So, fine, change Annex L....

petervwyatt commented 3 years ago

@DuffJohnson since it looks like everyone has converged (???), do you mind summarizing the actual precise wording change(s) that will get done at the end of this rather long thread? Then we can review and hopefully resolve at the next PDF TWG. Thanks.

PS. I found the real-world examples extremely helpful for my understanding so thanks @faceless2 and @MatthiasValvekens !

car222222 commented 3 years ago

Just a perhaps unnecessary repetition that is relevant to Matthew's raising the comparison with HTML.

Note that in PDF, Table is explicitly not categorised as block-level element. Thus comparison with its usage rules in HTML is not so straightforward.

To be more precise: Table is not in listed in '4.8.4.5 Block level structure types'

car222222 commented 3 years ago



As I commented earlier, there is already a major difference in Table between PDF and HTML: in PDF, Table is not categorised as a block-level element.

On 11 Jun 2021, at 00:13, Matthias Valvekens @.***> wrote:

You'll find many more extreme examples in any homological algebra textbook ;)

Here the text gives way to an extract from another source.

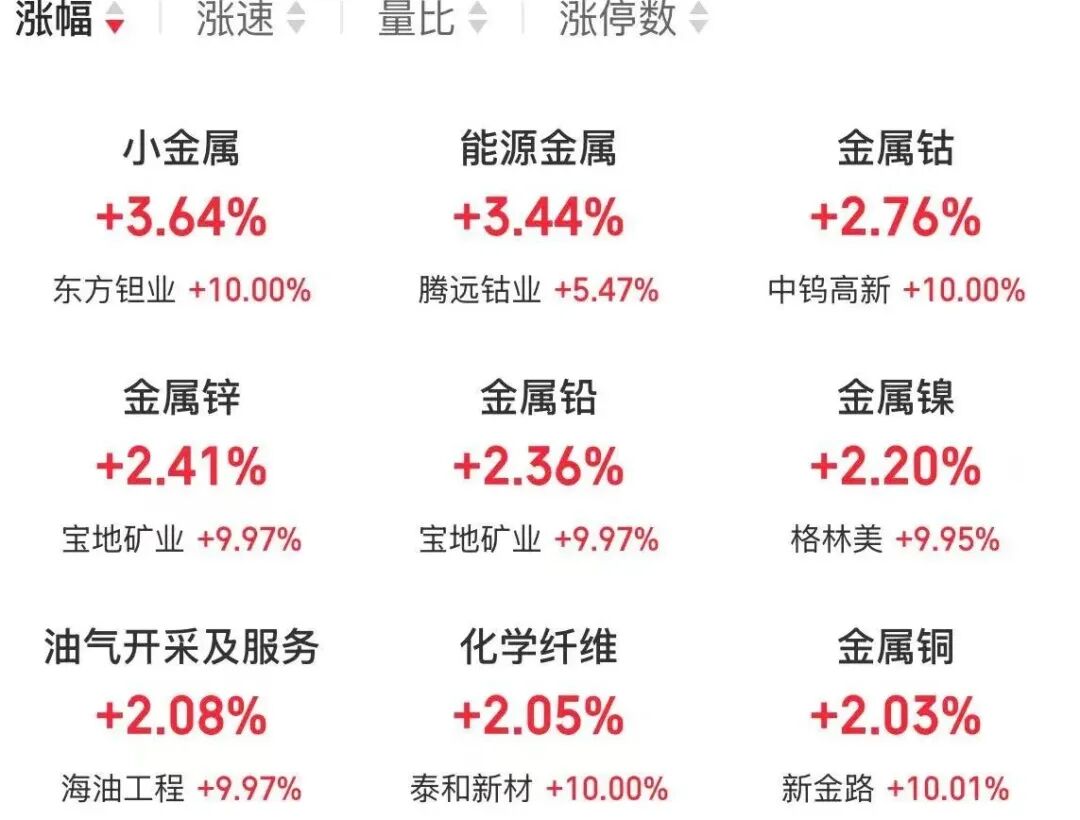 从今日盘面表现看,同花顺数据显示,多个金属相关概念,如小金属、能源金属、金属钴、金属镍等“霸榜”涨幅榜。中钨高新、章源钨业等多股涨停。

car222222 commented 3 years ago

Two more points to emphasize those by @MatthiasValvekens :

Formulas can occur inside paragraphs, and those are often nonlinear as well.

Also, formulas can contain Table elements.

You'll find many more extreme examples in any homological algebra textbook ;)

Also, even larger numbers of such examples occur in high-school textbooks on computing, economics, business and all of STEM. Often they are called 'matrices' in the surrounding text.
Such usage is simply ‘common parlance’ in any form of ‘technical language’.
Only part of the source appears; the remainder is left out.